Considering the solution to the following equation

$x^7+x^6-18 x^5-35 x^4+38 x^3+104 x^2+7 x-49=0$

poly = x^7 + x^6 - 18 x^5 - 35 x^4 + 38 x^3 + 104 x^2 + 7 x - 49;

This problem could be solved using notions from Galois theory and the Galois group of a polynomial, and the 43rd root of unity ($\displaystyle e^\frac{2i\pi}{43}$) .

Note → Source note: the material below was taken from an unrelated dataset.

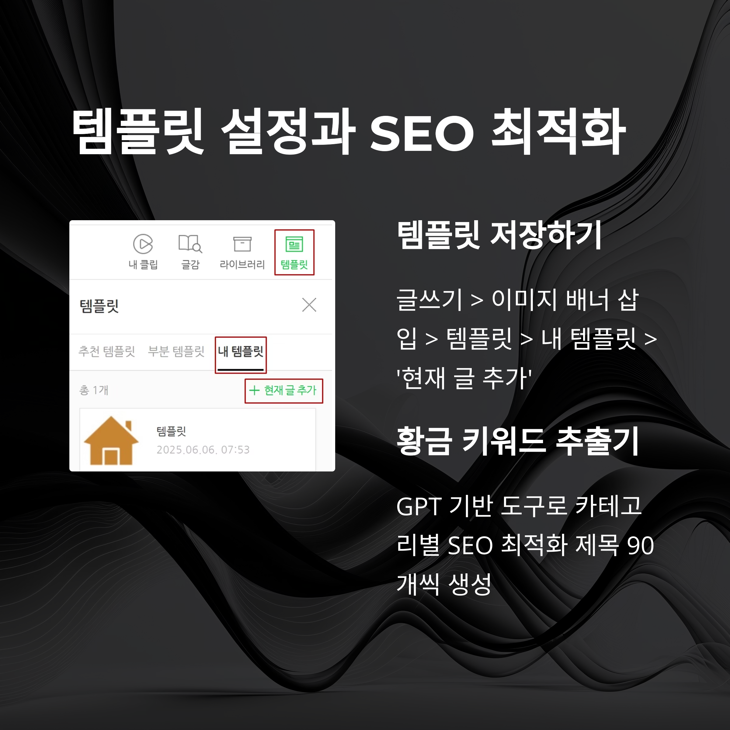 - 자주 쓰는 구성은 "내 템플릿"에 저장 후 반복 사용
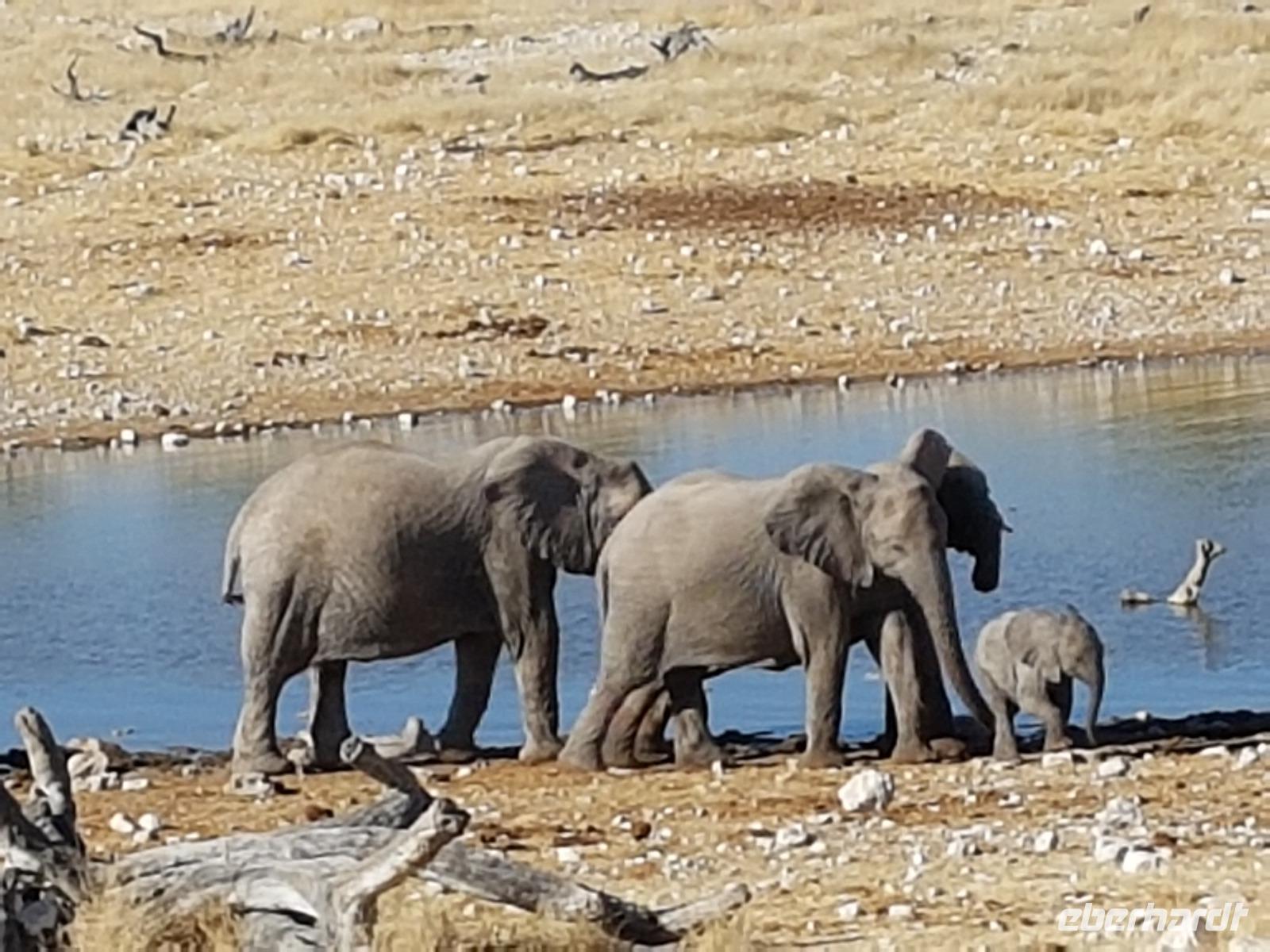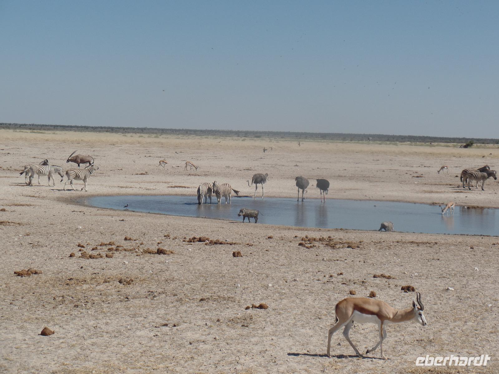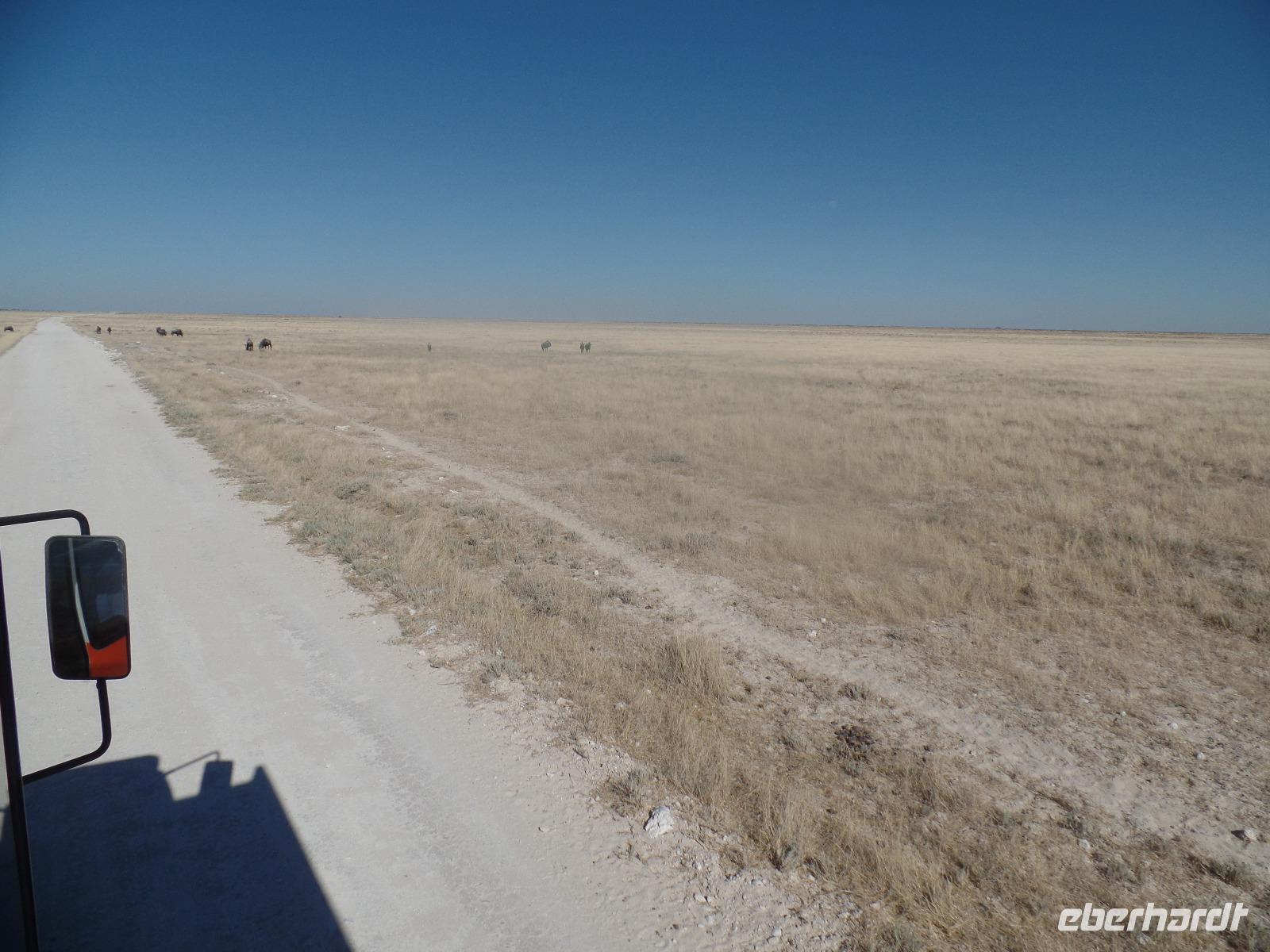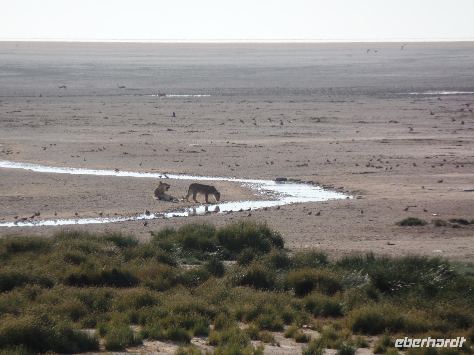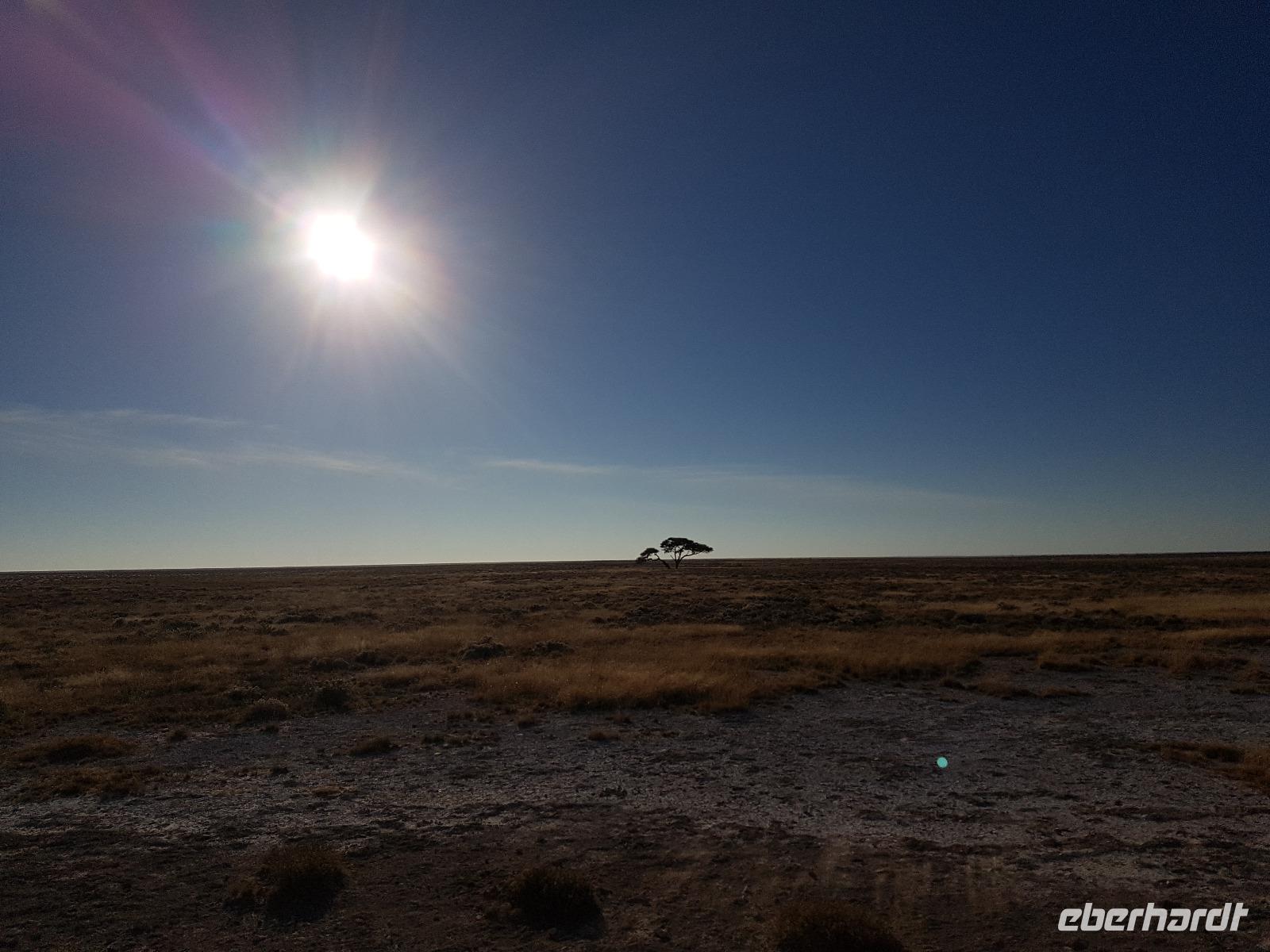 So wie gestern verbrachten wir die Mittagstunden beim gemütlichen Picknick in einem schattigen Camp direkt im Park. Hier konnte man sich was zum Essen bestellen oder zum Wasserloch laufen, um Tiere zu beobachten. Eberhardt Travel lud heute alle Gäste zum Eis ein. War eine gute Idee, oder? Am frühenNachmittag fuhren wir direkt am Rand von dem Herzstück des Parks, die 100 Kilometer lange Etosha-Pfanne. Eine große, weiße Fläche, wie der Name aus der Sansprache bedeutet, breitet sich ins Unendliche aus. Die weiße, nichtgreifbare Weite zieht uns alle magisch in ihren Bann.

The solutions are expressed in terms of trigonometric (cosine) functions. The seven solutions are:

$\displaystyle \alpha_1 = 2\cos(\frac{2\pi}{43}) + 2\cos(\frac{12\pi}{43}) + 2\cos(\frac{14\pi}{43})$

$\displaystyle \alpha_2 =2\cos(\frac{4\pi}{43}) + 2\cos(\frac{24\pi}{43}) + 2\cos(\frac{28\pi}{43})$

$\displaystyle \alpha_3 = 2\cos(\frac{6\pi}{43}) + 2\cos(\frac{36\pi}{43}) + 2\cos(\frac{42\pi}{43})$

$\displaystyle \alpha_4 =2\cos(\frac{8\pi}{43}) + 2\cos(\frac{30\pi}{43}) + 2\cos(\frac{38\pi}{43})$

$\displaystyle \alpha_5 =2\cos(\frac{10\pi}{43}) + 2\cos(\frac{16\pi}{43}) + 2\cos(\frac{24\pi}{43})$

$\displaystyle \alpha_6 =2\cos(\frac{18\pi}{43}) + 2\cos(\frac{22\pi}{43}) + 2\cos(\frac{40\pi}{43})$

$\displaystyle \alpha_7 =2\cos(\frac{20\pi}{43}) + 2\cos(\frac{32\pi}{43}) + 2\cos(\frac{34\pi}{43})$

Might this problem be entirely solved and the symbolic solutions computed with Mathematica?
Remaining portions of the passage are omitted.